Инокентьев докурил цигарку, воткнул ее в черепок и сразу же принялся свертывать другую.

– Дело в том, что они кого-то ждут из-за кордона. Вот где можно зацепиться. Слушай теперь внимательно, Михалев. Тех, что являются оттуда, они проводят через три-четыре этапа. План Оловянникова такой: когда «гость» приедет, перехватить его, выяснить, с чем прибыл, и узнать все пароли. Если окажется, что его здесь не знают, тогда… введем в дело тебя. Пойдешь вместо «гостя». – Он выпрямился и несколько мгновений смотрел на Алексея, стараясь, видимо, понять, какое впечатление произвели его слова.

– Вон что… – произнес Алексей.

– Как тебе все это покажется? Справишься?

Алексей ответил не сразу. Сдвинув брови, он смотрел на раздвоенный огонек лампы. В прозрачной глубине его зрачков мерцал холодный желтоватый отсвет. И, глядя в эти глаза, Инокентьев подумал, что, хотя сидящий перед ним человек молод, Оловянников, пожалуй, не ошибся в выборе.

– Так как же? – поторопил он.

Алексей медленно проговорил:

– Кто его знает. Нужно справиться.

– Очень нужно! – сказал Инокентьев. – Судя по всему, заговор самый крупный за последнее время. К тому же есть одна тонкость… Спрашивается, почему нам понадобился чекист из другого города? Думаешь, у нас своих не хватает? Хватает! И кое-кто уже проник в организацию. Но связывать тебя с ними мы не будем. Почему? Скажу тебе прямо, Михалев: похоже – какая-то контра пробралась в чека. Выяснить, кто именно, – это тоже твоя задача.

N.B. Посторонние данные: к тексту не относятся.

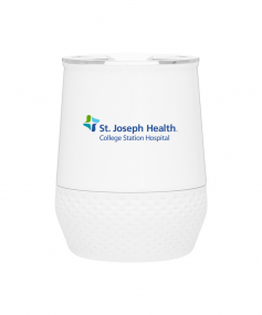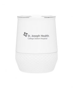 12 oz double wall 18/8 stainless steel thermal tumbler with copper vacuum insulation, push-on lid, matching swivel closure, and removable silicone base.

Потому и нужен человек, которого в Одессе не знают ни свои, ни чужие.

– Понятно. – Алексей тоже вынул кисет и принялся молча свертывать козью ножку.

Инокентьев пристально следил за его лицом, ища на нем признаки сомнения или нерешительности. Но лицо у парня было спокойное, малоподвижное, и при всей своей опытности Инокентьев не мог понять, какие мысли бродят у него в голове.

«Крепкий, кажется», – подумал Инокентьев. Но на всякий случай сказал:

– Давай начистоту. Тебя Оловянников выбрал… Он, конечно, в этом разбирается. Но я-то тебя не знаю… Дело тебе предлагается трудное. Опасное дело. Если сомневаешься или не уверен в себе, лучше сразу скажи. Такой случай, как сейчас, вряд ли еще представится, и действовать надо наверняка. Значит, и человек нужен, который на все готов. В одиночку придется работать. Чуть ошибся – и пропал.

– Это верно! – сказал Алексей, Он помолчал и вдруг смешливо растянул губы: – Того и гляди, испугаете меня, товарищ Инокентьев. Придется домой возвращаться. А ведь дело-то не опаснее других. Давайте уж не передумывать.

– Ну, коли гак, передумывать не будем, – сразу согласился Инокентьев. Парень все больше нравился ему. – В таком случае надо договориться…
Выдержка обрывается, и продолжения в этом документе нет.